Da ich außer diesem finsteren Barcelona keine weitere Familie mehr besaß, wurde mir jetzt die Zeitung zur Zuflucht und Welt, bis ich mit meinem Gehalt das Zimmer in Doña Carmens Pension mieten konnte. Ich wohnte dort erst eine Woche, als die Hauswirtin zu mir kam und mir mitteilte, vor der Tür frage ein Herr nach mir. Auf dem Treppenabsatz stand ein grau gekleideter Mann mit grauem Blick, der mich mit grauer Stimme fragte, ob ich David Martín sei, mir ein in Packpapier geschlagenes Paket überreichte und die Stufen hinunter verschwand und schließlich noch mit seiner grauen Abwesenheit meine elende Umgebung verpestete. Ich ging mit dem Paket ins Zimmer zurück und schloss hinter mir die Tür. Niemand außer zwei, drei Leuten bei der Zeitung wusste, dass ich hier wohnte. Neugierig riss ich die Verpackung auf — ich hatte in meinem ganzen Leben noch nie ein Paket bekommen. Zum Vorschein kam ein altes Holzkästchen, das mir vertraut vorkam. Ich legte es auf die Pritsche und öffnete es. Es enthielt Vaters alte Pistole, die Waffe, die er von der Armee bekommen hatte und mit der er von den Philippinen zurückgekehrt war, um auf einen frühen, elendiglichen Tod hinzuarbeiten. Neben der Waffe lag ein Schächtelchen Kugeln. Ich nahm die Pistole heraus und wog sie in der Hand. Sie roch nach Pulver und Öl. Ich fragte mich, wie viele Menschen der Vater mit dieser Waffe wohl getötet hatte, ehe er mit ihr seinem eigenen Leben ein Ende zu setzen gedachte und bis ihm andere zuvorkamen. Ich legte sie zurück und klappte das Kästchen zu. In einem ersten Impuls wollte ich es zum Abfall geben, aber dann wurde mir bewusst, dass mir vom Vater nichts blieb als diese Pistole. Einer der üblichen Wucherer hatte nach Vaters Tod das wenige, das wir in jener alten Wohnung gegenüber dem Palau de la Müsica besessen hatten, konfisziert, um Vaters Schulden zu begleichen, und jetzt vermutlich beschlossen, mich bei meinem Eintritt ins Erwachsenenalter mit diesem makabren Andenken willkommen zu heißen. Ich versteckte das Kästchen auf dem Schrank zuhinterst an der Wand, wo sich der Staub ansammelte und Doña Carmen selbst auf Stelzen nicht hingelangte, und rührte es jahrelang nicht mehr an.

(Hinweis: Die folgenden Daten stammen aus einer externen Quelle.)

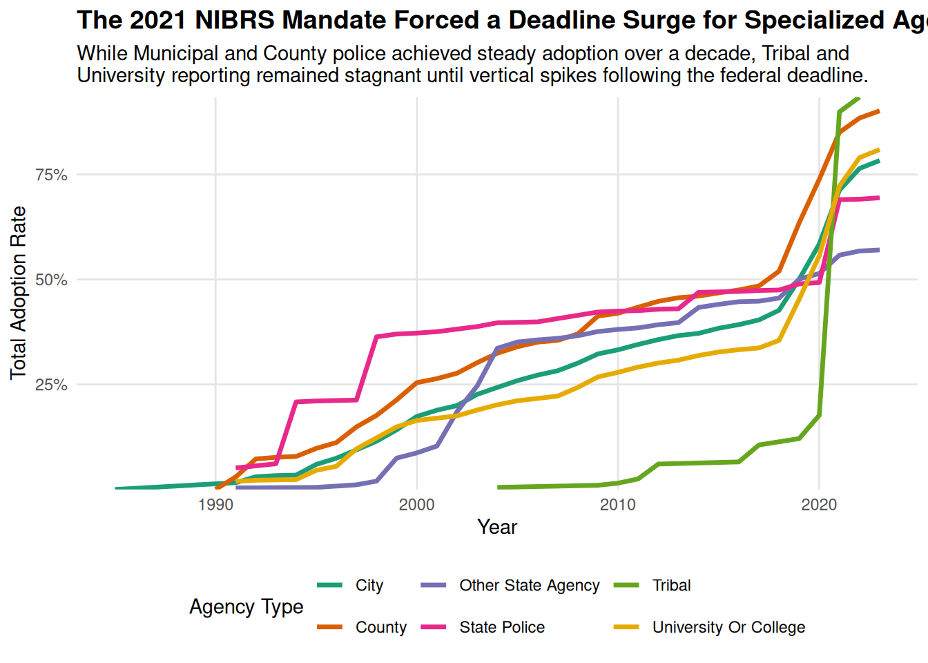 subtitle = "While Municipal and County police achieved steady adoption over a decade, Tribal and \nUniversity reporting remained stagnant until vertical spikes following the federal deadline.",

Noch am selben Abend ging ich zu Sempere und Söhne, und da ich mir jetzt als Mann von Welt und nicht ohne Mittel vorkam, verkündete ich dem Buchhändler meine Absicht, dieses alte Exemplar von Große Erwartungen zu erwerben, das ich ihm vor Jahren hatte zurückgeben müssen.
»Sie können dafür verlangen, was Sie wollen«, sagte ich. »Nennen Sie den Preis für sämtliche Bücher, die ich Ihnen in den letzten zehn Jahren nicht bezahlt habe.«
Noch heute sehe ich Semperes trauriges Lächeln, als er mir die Hand auf die Schulter legte.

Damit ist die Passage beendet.